§ REQUIRED WORK:
In your answer, every line of the records should be written out exactly.

***** RECORDS TO PROCESS

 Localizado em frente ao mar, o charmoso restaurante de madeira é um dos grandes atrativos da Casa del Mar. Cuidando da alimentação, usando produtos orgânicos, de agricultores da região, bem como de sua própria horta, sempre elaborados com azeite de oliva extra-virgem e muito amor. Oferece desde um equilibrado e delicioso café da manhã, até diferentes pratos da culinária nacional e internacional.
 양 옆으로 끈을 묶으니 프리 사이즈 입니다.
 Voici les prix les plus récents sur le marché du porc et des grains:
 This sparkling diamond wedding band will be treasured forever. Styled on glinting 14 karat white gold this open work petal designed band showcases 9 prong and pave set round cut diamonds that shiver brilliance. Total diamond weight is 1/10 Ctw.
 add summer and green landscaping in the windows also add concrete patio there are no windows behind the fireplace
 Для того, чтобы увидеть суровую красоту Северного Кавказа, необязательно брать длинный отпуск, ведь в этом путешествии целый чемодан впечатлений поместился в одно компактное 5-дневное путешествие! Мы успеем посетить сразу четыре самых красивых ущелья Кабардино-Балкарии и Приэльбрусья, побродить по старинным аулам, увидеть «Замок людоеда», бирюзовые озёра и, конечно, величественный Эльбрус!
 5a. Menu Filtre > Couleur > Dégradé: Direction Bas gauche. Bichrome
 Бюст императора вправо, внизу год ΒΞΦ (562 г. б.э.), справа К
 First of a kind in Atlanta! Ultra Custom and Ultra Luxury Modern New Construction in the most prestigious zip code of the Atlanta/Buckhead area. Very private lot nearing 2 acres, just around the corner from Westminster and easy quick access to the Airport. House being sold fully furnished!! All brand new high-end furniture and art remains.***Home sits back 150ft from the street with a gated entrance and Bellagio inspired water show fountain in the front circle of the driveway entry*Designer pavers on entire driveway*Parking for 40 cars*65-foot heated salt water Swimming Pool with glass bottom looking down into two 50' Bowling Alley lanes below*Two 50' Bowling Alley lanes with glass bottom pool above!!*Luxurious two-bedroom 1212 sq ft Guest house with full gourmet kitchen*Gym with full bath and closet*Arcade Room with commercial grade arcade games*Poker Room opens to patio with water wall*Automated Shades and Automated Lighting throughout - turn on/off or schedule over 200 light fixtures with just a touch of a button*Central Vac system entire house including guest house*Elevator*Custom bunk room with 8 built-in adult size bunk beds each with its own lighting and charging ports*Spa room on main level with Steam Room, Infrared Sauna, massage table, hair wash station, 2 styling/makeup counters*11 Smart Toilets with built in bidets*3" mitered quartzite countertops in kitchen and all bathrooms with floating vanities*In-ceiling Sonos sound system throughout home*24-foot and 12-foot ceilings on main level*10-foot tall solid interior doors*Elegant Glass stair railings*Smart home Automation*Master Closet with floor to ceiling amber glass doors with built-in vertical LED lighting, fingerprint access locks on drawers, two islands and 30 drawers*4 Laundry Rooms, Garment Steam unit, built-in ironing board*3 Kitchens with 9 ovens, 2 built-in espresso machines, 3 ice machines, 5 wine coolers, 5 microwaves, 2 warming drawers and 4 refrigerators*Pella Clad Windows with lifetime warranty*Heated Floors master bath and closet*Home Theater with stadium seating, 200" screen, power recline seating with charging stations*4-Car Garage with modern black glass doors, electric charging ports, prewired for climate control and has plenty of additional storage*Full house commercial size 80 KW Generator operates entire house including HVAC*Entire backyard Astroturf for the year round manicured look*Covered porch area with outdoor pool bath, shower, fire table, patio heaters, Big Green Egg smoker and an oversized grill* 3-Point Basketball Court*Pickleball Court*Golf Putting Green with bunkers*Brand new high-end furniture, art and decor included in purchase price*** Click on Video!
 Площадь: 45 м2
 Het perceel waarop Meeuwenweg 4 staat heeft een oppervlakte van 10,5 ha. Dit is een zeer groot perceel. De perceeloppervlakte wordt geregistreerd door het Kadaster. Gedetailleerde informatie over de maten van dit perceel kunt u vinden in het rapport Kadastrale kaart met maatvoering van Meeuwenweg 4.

**********

§ WRITTEN RESPONSE:
 Localizado em frente ao mar, o charmoso restaurante de madeira é um dos grandes atrativos da Casa del Mar. Cuidando da alimentação, usando produtos orgânicos, de agricultores da região, bem como de sua própria horta, sempre elaborados com azeite de oliva extra-virgem e muito amor. Oferece desde um equilibrado e delicioso café da manhã, até diferentes pratos da culinária nacional e internacional.
 양 옆으로 끈을 묶으니 프리 사이즈 입니다.
 Voici les prix les plus récents sur le marché du porc et des grains:
 This sparkling diamond wedding band will be treasured forever. Styled on glinting 14 karat white gold this open work petal designed band showcases 9 prong and pave set round cut diamonds that shiver brilliance. Total diamond weight is 1/10 Ctw.
 add summer and green landscaping in the windows also add concrete patio there are no windows behind the fireplace
 Для того, чтобы увидеть суровую красоту Северного Кавказа, необязательно брать длинный отпуск, ведь в этом путешествии целый чемодан впечатлений поместился в одно компактное 5-дневное путешествие! Мы успеем посетить сразу четыре самых красивых ущелья Кабардино-Балкарии и Приэльбрусья, побродить по старинным аулам, увидеть «Замок людоеда», бирюзовые озёра и, конечно, величественный Эльбрус!
 5a. Menu Filtre > Couleur > Dégradé: Direction Bas gauche. Bichrome
 Бюст императора вправо, внизу год ΒΞΦ (562 г. б.э.), справа К
 First of a kind in Atlanta! Ultra Custom and Ultra Luxury Modern New Construction in the most prestigious zip code of the Atlanta/Buckhead area. Very private lot nearing 2 acres, just around the corner from Westminster and easy quick access to the Airport. House being sold fully furnished!! All brand new high-end furniture and art remains.***Home sits back 150ft from the street with a gated entrance and Bellagio inspired water show fountain in the front circle of the driveway entry*Designer pavers on entire driveway*Parking for 40 cars*65-foot heated salt water Swimming Pool with glass bottom looking down into two 50' Bowling Alley lanes below*Two 50' Bowling Alley lanes with glass bottom pool above!!*Luxurious two-bedroom 1212 sq ft Guest house with full gourmet kitchen*Gym with full bath and closet*Arcade Room with commercial grade arcade games*Poker Room opens to patio with water wall*Automated Shades and Automated Lighting throughout - turn on/off or schedule over 200 light fixtures with just a touch of a button*Central Vac system entire house including guest house*Elevator*Custom bunk room with 8 built-in adult size bunk beds each with its own lighting and charging ports*Spa room on main level with Steam Room, Infrared Sauna, massage table, hair wash station, 2 styling/makeup counters*11 Smart Toilets with built in bidets*3" mitered quartzite countertops in kitchen and all bathrooms with floating vanities*In-ceiling Sonos sound system throughout home*24-foot and 12-foot ceilings on main level*10-foot tall solid interior doors*Elegant Glass stair railings*Smart home Automation*Master Closet with floor to ceiling amber glass doors with built-in vertical LED lighting, fingerprint access locks on drawers, two islands and 30 drawers*4 Laundry Rooms, Garment Steam unit, built-in ironing board*3 Kitchens with 9 ovens, 2 built-in espresso machines, 3 ice machines, 5 wine coolers, 5 microwaves, 2 warming drawers and 4 refrigerators*Pella Clad Windows with lifetime warranty*Heated Floors master bath and closet*Home Theater with stadium seating, 200" screen, power recline seating with charging stations*4-Car Garage with modern black glass doors, electric charging ports, prewired for climate control and has plenty of additional storage*Full house commercial size 80 KW Generator operates entire house including HVAC*Entire backyard Astroturf for the year round manicured look*Covered porch area with outdoor pool bath, shower, fire table, patio heaters, Big Green Egg smoker and an oversized grill* 3-Point Basketball Court*Pickleball Court*Golf Putting Green with bunkers*Brand new high-end furniture, art and decor included in purchase price*** Click on Video!
 Площадь: 45 м2
 Het perceel waarop Meeuwenweg 4 staat heeft een oppervlakte van 10,5 ha. Dit is een zeer groot perceel. De perceeloppervlakte wordt geregistreerd door het Kadaster. Gedetailleerde informatie over de maten van dit perceel kunt u vinden in het rapport Kadastrale kaart met maatvoering van Meeuwenweg 4.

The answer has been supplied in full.